Start of RECORD SET

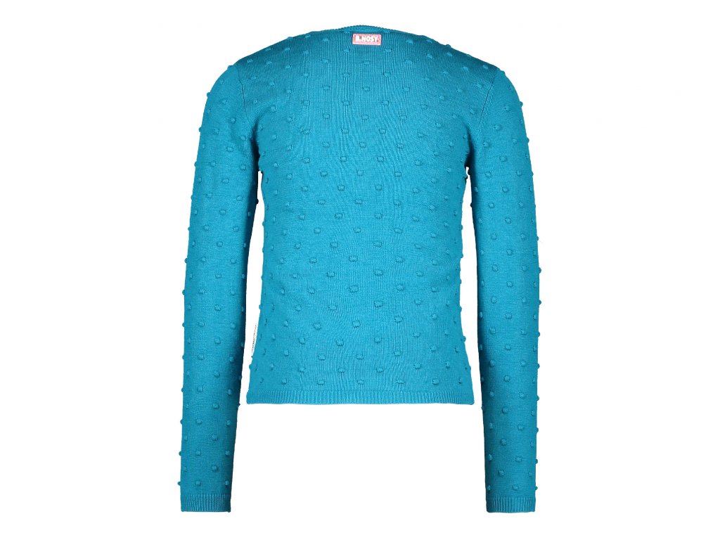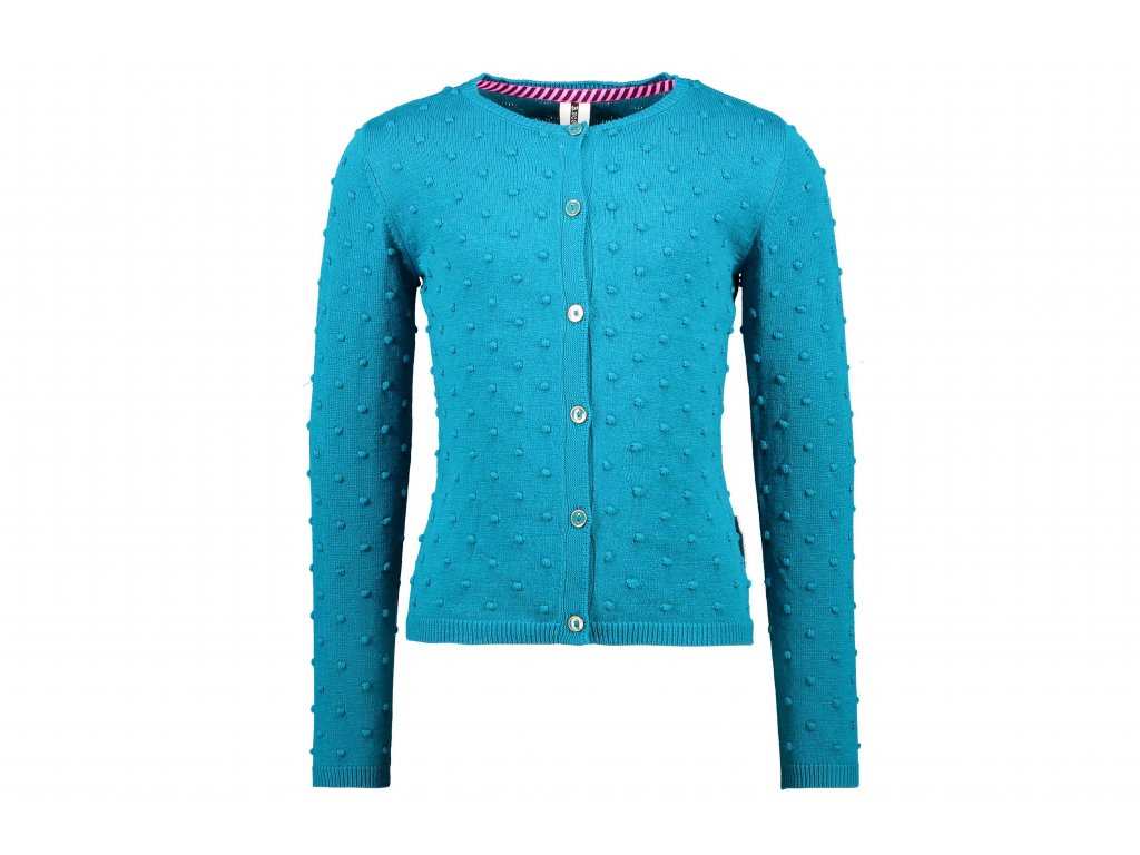 Lehký dívčí svetřík z jemného žakarového úpletu tmavě tyrkyové barvy, s puff refliéfem. Celopropínací svert na vkusné knoflíčky od Holandské značky pro dívky BNOSY.
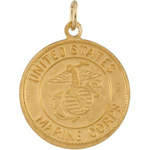 Polished, solid 14kt yellow gold medal. Inscription: SAINT CHRISTOPHER PROTECT US. Reverse side: UNITED STATES MARINE CORPS. This medal is the size of a dime, and weighs approximately 4.99 grams. Chain not included.
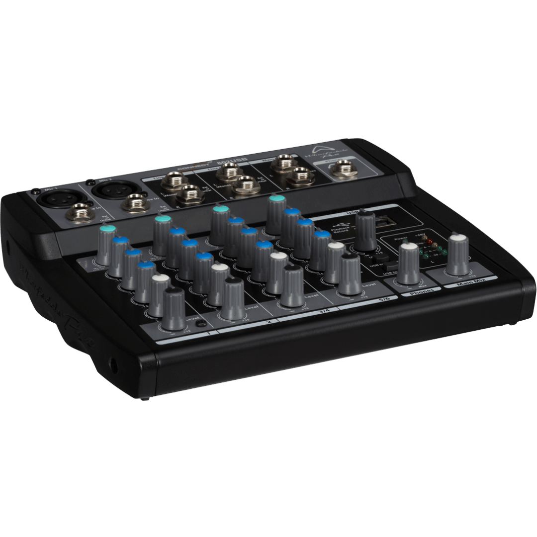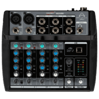Compacte en veelzijdige 8-kanaals mixer met 2 XLR-mic inputs, 6 line-ingangen, 3-band EQ en USB-interface. Ideaal voor kleine optredens en home studio setups.
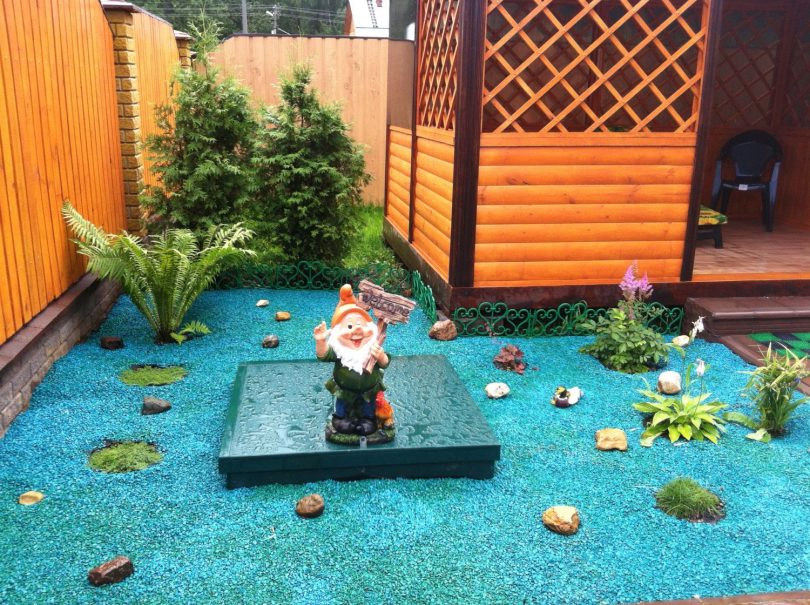 В первую очередь разноцветный камень используют в декоре слишком тенистых участков, где не растет практически ничего культурного, кроме травы. На тенистом участке можно разбить сухой ручеек, с аккуратным небольшим мостиком через него. В заболоченном месте прекрасно выглядит пруд, берег которого усыпан разноцветным щебнем. А аккуратно выложенная композиция из валунов придаст водоему природный вид. Очаровательно будет выглядеть дно декоративного водоема, выложенное окрашенным щебнем, например, в зеленый, синий или голубой цвет.
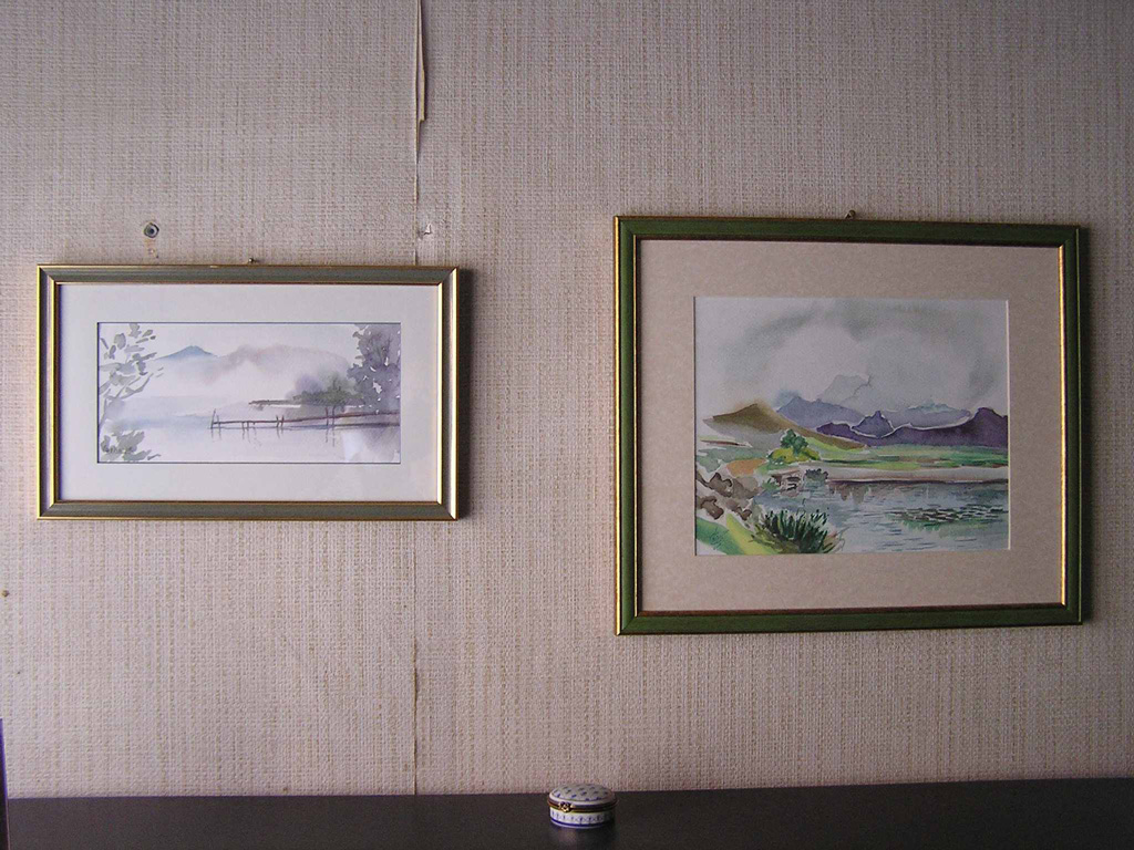 Gli acquerelli di cui Farhang mi ha fatto dono, come appaiono all' interno della sala della mia biblioteca |

End of RECORD SET

=== TASK ===
Could you print the data exactly as it appears and keep the pictures out?

=== ANSWER TO THIS PROBLEM ===
 Lehký dívčí svetřík z jemného žakarového úpletu tmavě tyrkyové barvy, s puff refliéfem. Celopropínací svert na vkusné knoflíčky od Holandské značky pro dívky BNOSY.
 Polished, solid 14kt yellow gold medal. Inscription: SAINT CHRISTOPHER PROTECT US. Reverse side: UNITED STATES MARINE CORPS. This medal is the size of a dime, and weighs approximately 4.99 grams. Chain not included.
Compacte en veelzijdige 8-kanaals mixer met 2 XLR-mic inputs, 6 line-ingangen, 3-band EQ en USB-interface. Ideaal voor kleine optredens en home studio setups.
 В первую очередь разноцветный камень используют в декоре слишком тенистых участков, где не растет практически ничего культурного, кроме травы. На тенистом участке можно разбить сухой ручеек, с аккуратным небольшим мостиком через него. В заболоченном месте прекрасно выглядит пруд, берег которого усыпан разноцветным щебнем. А аккуратно выложенная композиция из валунов придаст водоему природный вид. Очаровательно будет выглядеть дно декоративного водоема, выложенное окрашенным щебнем, например, в зеленый, синий или голубой цвет.
 Gli acquerelli di cui Farhang mi ha fatto dono, come appaiono all' interno della sala della mia biblioteca |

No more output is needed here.